> GCP > Build An End-to-End Streaming Data Pipeline with Confluent Cloud > Hands-on Lab

Hands-on Lab

Welcome to the live session!

Step 1: Create a ksqlDB application

At Confluent we developed ksqlDB, the database purpose-built for stream processing applications. ksqlDB is built on top of Kafka Streams, powerful Java library for enriching, transforming, and processing real-time streams of data. Having Kafka Streams at its core means ksqlDB is built on well-designed and easily understood layers of abstractions. So now, beginners and experts alike can easily unlock and fully leverage the power of Kafka in a fun and accessible way.

On the navigation menu, select ksqlDB.
Click on Create cluster myself.
Choose Global access for the access level and hit Continue.
Pick a name or leave the name as is.
Select 1 as the cluster size.
Hit Launch Cluster!.

Step 2: Create “ratings” topic

On the navigation menu, select Topics.

Click Create topic on my own or if you already created a topic, click on the + Add topic button on the top right side of the table.

Type ratings as the Topic name and hit Create with defaults.

Step 3: Create a Datagen Source connector

Confluent offers 120+ pre-built connectors, enabling you to modernize your entire data architecture even faster. These connectors also provide you peace-of-mind with enterprise-grade security, reliability, compatibility, and support.

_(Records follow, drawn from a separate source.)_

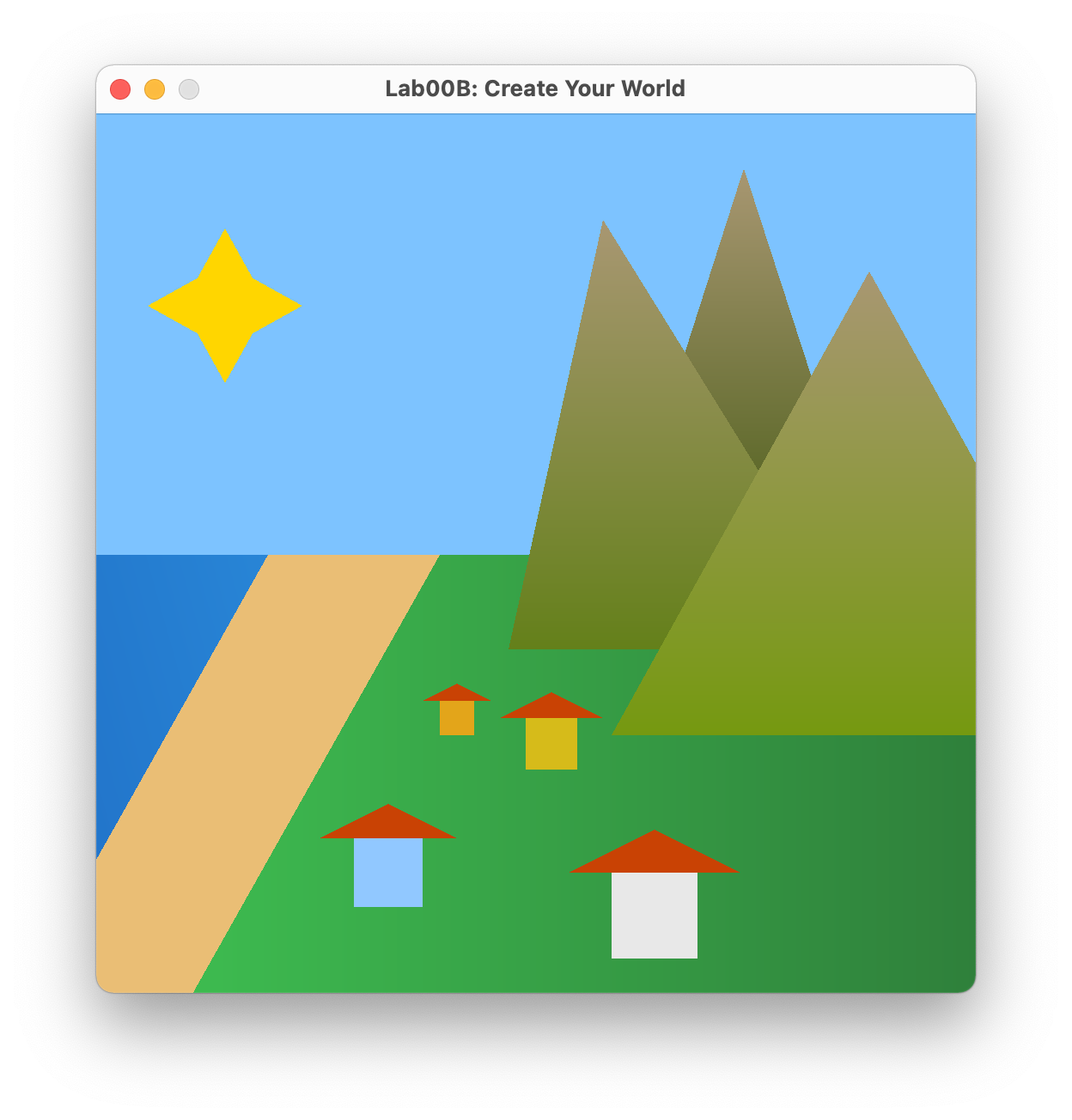 a 2D space to start creating figures, using vertices and colors, we were able to create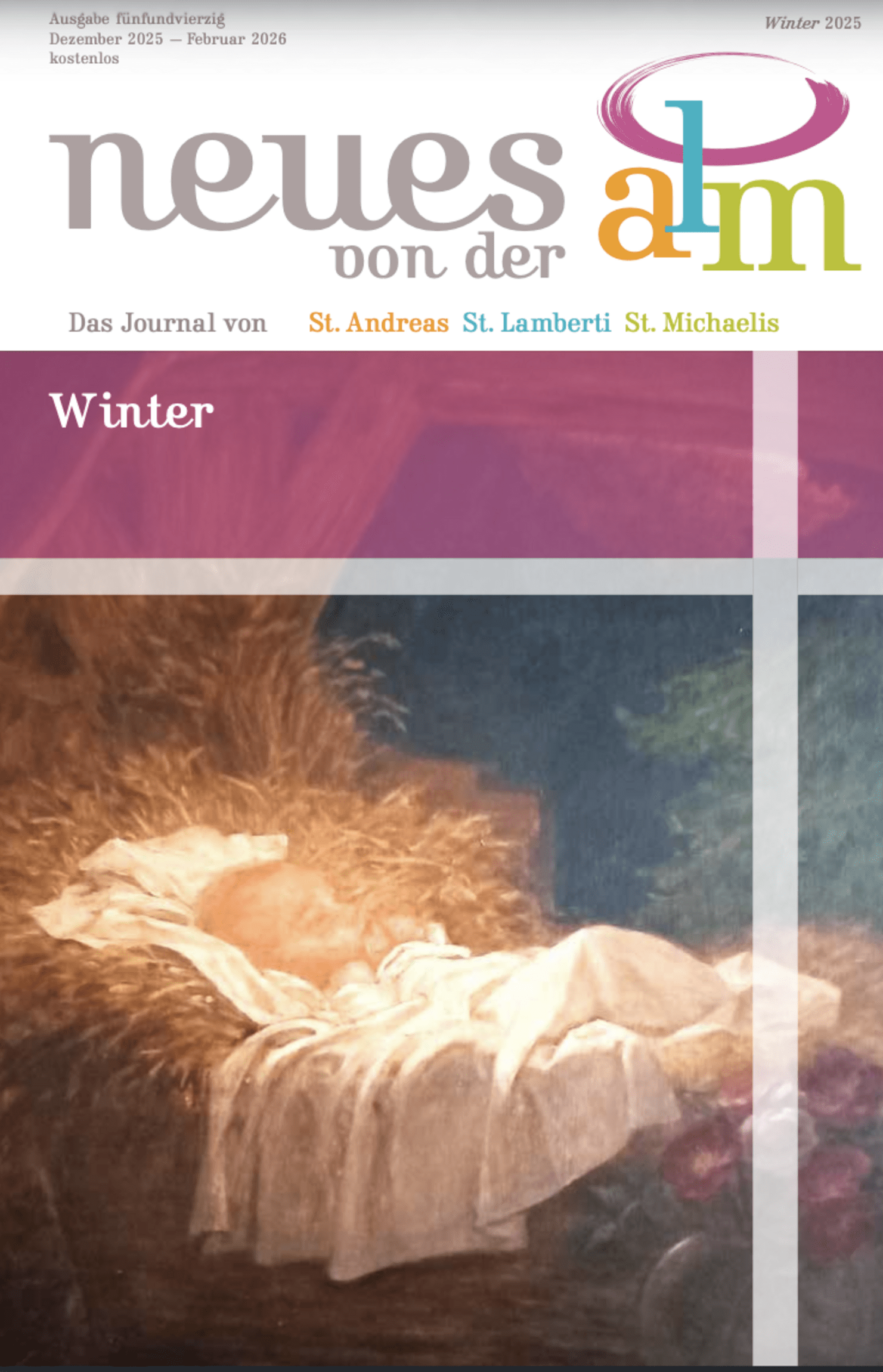 Im Rahmen einer Wandelandacht am heutigen Dreikönigstag, 6. Januar, sind daraus unter der Leitung von Andreaskantor Bernhard Römer Ausschnitte zu hören. Er hat acht Sängerinnen und Sänger seiner Kantorei und die Instrumentalistinnen Ulla Bundies, Eva Politt (Violine und Viola) sowie Cordula Cordes (Gambe) um sich geschart. An der Truhenorgel begleitet Guido Mürmann. Die Andacht beginnt um 18 Uhr am geöffneten Westportal der Kirche, führt in die geheizte Taufkapelle, wo die Aufführung stattfindet und Pastor Dr. Janis Berzins eine Ansprache hält, und endet an der im Chorumgang der Kirche aufgestellten Krippe mit dem Bach-Choral „Ich steh an deiner Krippen hier“ aus dem „Weihnachtsoratorium“. Der Eintritt ist frei.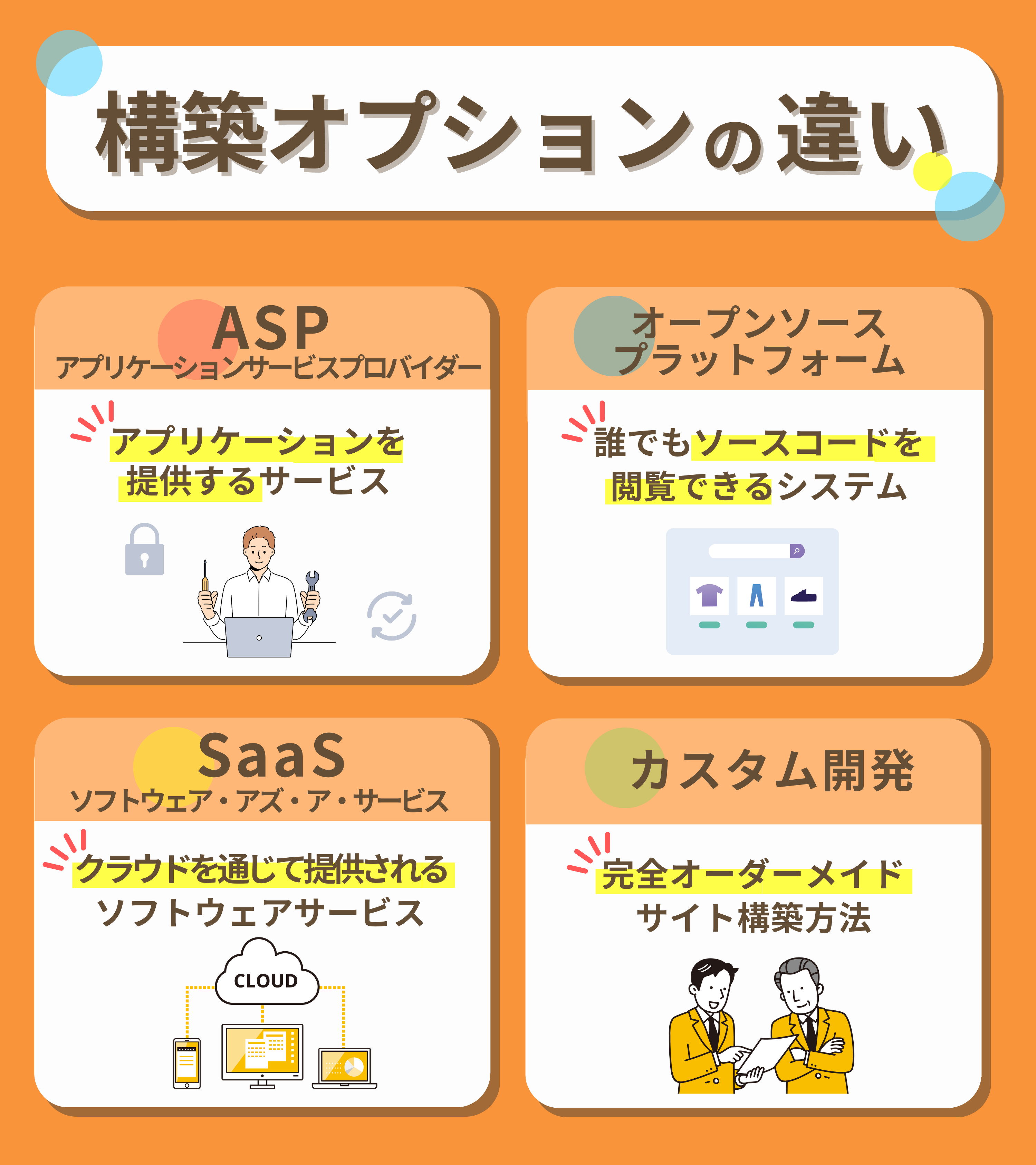 ECサイトを構築するにあたり選ぶべきオプションは、ビジネスニーズとリソースに応じて異なります。重要なのは、各オプションの特徴を理解すること。オプションには、主に以下の4つの選択肢があります。
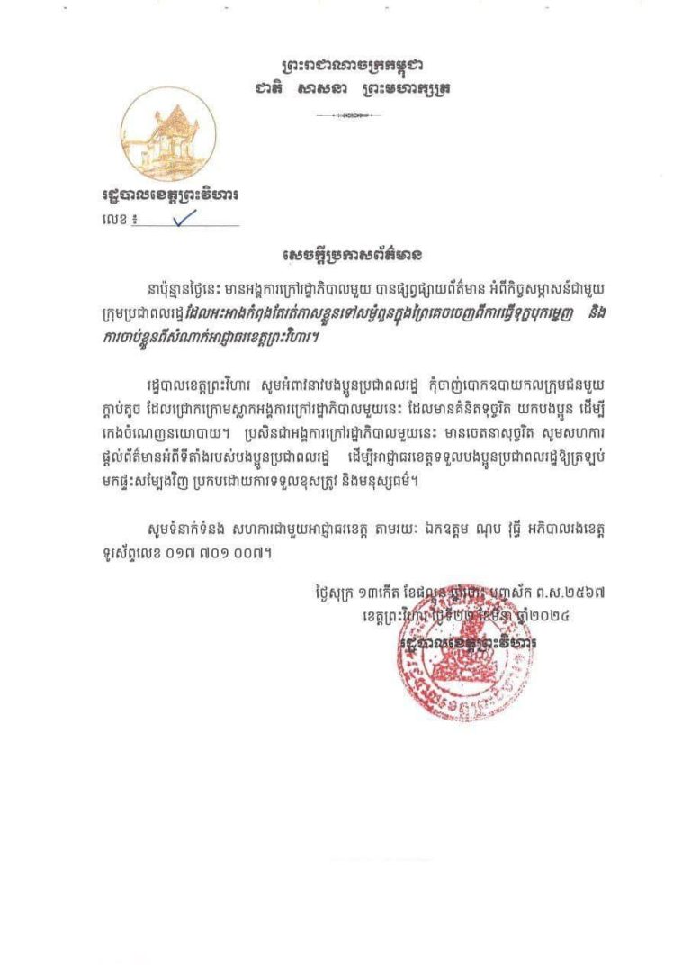 បន្ទាប់ពីទទួលបានព័ត៌មានពាក់ព័ន្ធជម្លោះដីធ្លីខាងលើនេះ នៅរសៀលថ្ងៃព្រហស្បតិ៍ ទី៧ ខែមីនា ឆ្នាំ២០ ២៤ នេះ សម្តេចតេជោ ហ៊ុន សែន បានបញ្ជាជំនួយការ ពីរ រូប គឺ ឯកឧត្តម គង់ លីវ៉ា និង ឯកឧត្តម កែវ ផុង ចុះទៅ កាន់ ខេត្តព្រះវិហារ ធ្វើការងារជាមួយឯកឧត្តម គីម រិទ្ធី អភិបាលខេត្តព្រះវិហារ ដើម្បីស្រាវជ្រាវលំអិតទៅលើ បញ្ហាខាងលើនេះ។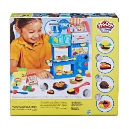 Gli aspiranti chef possono immaginare di gestire il proprio ristorante grazie a questo set da cucina giocattolo per bambini e bambine! Crea, personalizza e condividi le tue fantastiche creazioni di cibo Play-Doh. Crea 2 alimenti finti alla volta: collega 2 stampini e spingi la leva per formare alimenti finti come burger, pizza, pollo o spaghetti!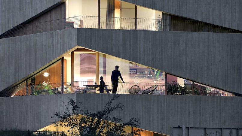 Zo ontstond langzamerhand het idee voor een geheel van drie betonnen bouwlagen, waarbij er op de eerste en tweede verdieping gewoond wordt. Om ervoor te zorgen dat de bewoners als ze naar buiten willen niet steeds naar beneden hoeven, zijn op elke woonlaag grote terrassen gecreëerd: in de opgetilde betonnen luifels zitten driehoekige uitsparingen die telkens naar binnen waaieren.

On the navigation menu, select Data Integration and then Connectors and + Add connector.
In the search bar search for Datagen and select the Datagen Source which is a fully-managed connector that we will use to generate sample data with it.
Use the following parameters to configure your connector

{
  "name": "DatagenSourceConnector_0",
  "config": {
    "connector.class": "DatagenSource",
    "name": "DatagenSourceConnector_0",
    "kafka.auth.mode": "KAFKA_API_KEY",
    "kafka.api.key": "<add_your_api_key>",
    "kafka.api.secret": "<add_your_api_secret_key>",
    "kafka.topic": "ratings",
    "output.data.format": "AVRO",
    "quickstart": "RATINGS",
    "tasks.max": "1"
  }
}

Step 4: Create customers topic

On the navigation menu, select Topics.

Click Create topic on my own or if you already created a topic, click on the + Add topic button on the top right side of the table.

Type mysql.demo.CUSTOMERS_INFO as the Topic name. The name of the topic is crucial so make sure you use the exact name and capitalization.
Click on Show advanced settings and under Storage → Cleanup policy → Compact and Retention time → Indefinite and then click on Create.

Step 5: Create a MySQL CDC Source connector

On the navigation menu, select Data Integration and then Connectors and + Add connector.
In the search bar search for MySQL CDC and select the MySQL CDC Source which is a fully-managed source connector.
Use the following parameters to configure your connector

{
  "name": "MySqlCdcSourceConnector_0",
  "config": {
    "connector.class": "MySqlCdcSource",
    "name": "MySqlCdcSourceConnector_0",
    "kafka.auth.mode": "KAFKA_API_KEY",
    "kafka.api.key": "<add_your_api_key>",
    "kafka.api.secret": "<add_your_api_secret_key>",
    "database.hostname": "<will_be_given_during_lab>",
    "database.port": "3306",
    "database.user": "<will_be_given_during_lab>",
    "database.password": "<will_be_given_during_lab>",
    "database.server.name": "mysql",
    "database.ssl.mode": "preferred",
    "snapshot.mode": "when_needed",
    "output.data.format": "AVRO",
    "after.state.only": "true",
    "tasks.max": "1"
  }
}

Step 6: Create “users” topic

On the navigation menu, select Topics.

Click Create topic on my own or if you already created a topic, click on the + Add topic button on the top right side of the table.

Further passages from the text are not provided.